The answer must reproduce all of the data below exactly and contain no images.

Dataset excerpt:
--
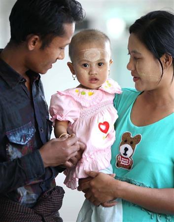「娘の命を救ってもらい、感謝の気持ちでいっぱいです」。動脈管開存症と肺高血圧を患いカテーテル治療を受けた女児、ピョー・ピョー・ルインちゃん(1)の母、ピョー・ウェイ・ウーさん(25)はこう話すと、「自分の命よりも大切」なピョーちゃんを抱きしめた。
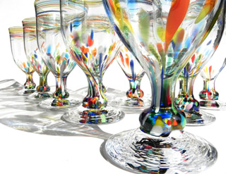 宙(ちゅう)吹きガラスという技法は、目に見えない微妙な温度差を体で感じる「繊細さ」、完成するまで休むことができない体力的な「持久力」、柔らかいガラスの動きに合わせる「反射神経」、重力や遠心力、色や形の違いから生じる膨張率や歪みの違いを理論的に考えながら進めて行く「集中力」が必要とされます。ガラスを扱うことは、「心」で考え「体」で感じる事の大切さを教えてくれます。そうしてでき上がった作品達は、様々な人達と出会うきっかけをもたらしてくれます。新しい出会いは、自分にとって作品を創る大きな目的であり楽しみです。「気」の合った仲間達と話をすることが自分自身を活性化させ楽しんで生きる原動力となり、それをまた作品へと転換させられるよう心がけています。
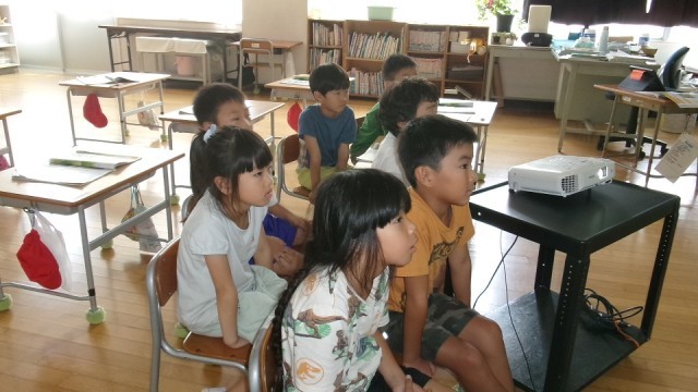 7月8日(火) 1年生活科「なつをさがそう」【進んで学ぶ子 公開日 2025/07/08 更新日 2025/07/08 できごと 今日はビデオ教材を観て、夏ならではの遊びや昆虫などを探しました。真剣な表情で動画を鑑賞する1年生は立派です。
--
Response:
「娘の命を救ってもらい、感謝の気持ちでいっぱいです」。動脈管開存症と肺高血圧を患いカテーテル治療を受けた女児、ピョー・ピョー・ルインちゃん(1)の母、ピョー・ウェイ・ウーさん(25)はこう話すと、「自分の命よりも大切」なピョーちゃんを抱きしめた。
 宙(ちゅう)吹きガラスという技法は、目に見えない微妙な温度差を体で感じる「繊細さ」、完成するまで休むことができない体力的な「持久力」、柔らかいガラスの動きに合わせる「反射神経」、重力や遠心力、色や形の違いから生じる膨張率や歪みの違いを理論的に考えながら進めて行く「集中力」が必要とされます。ガラスを扱うことは、「心」で考え「体」で感じる事の大切さを教えてくれます。そうしてでき上がった作品達は、様々な人達と出会うきっかけをもたらしてくれます。新しい出会いは、自分にとって作品を創る大きな目的であり楽しみです。「気」の合った仲間達と話をすることが自分自身を活性化させ楽しんで生きる原動力となり、それをまた作品へと転換させられるよう心がけています。
 7月8日(火) 1年生活科「なつをさがそう」【進んで学ぶ子 公開日 2025/07/08 更新日 2025/07/08 できごと 今日はビデオ教材を観て、夏ならではの遊びや昆虫などを探しました。真剣な表情で動画を鑑賞する1年生は立派です。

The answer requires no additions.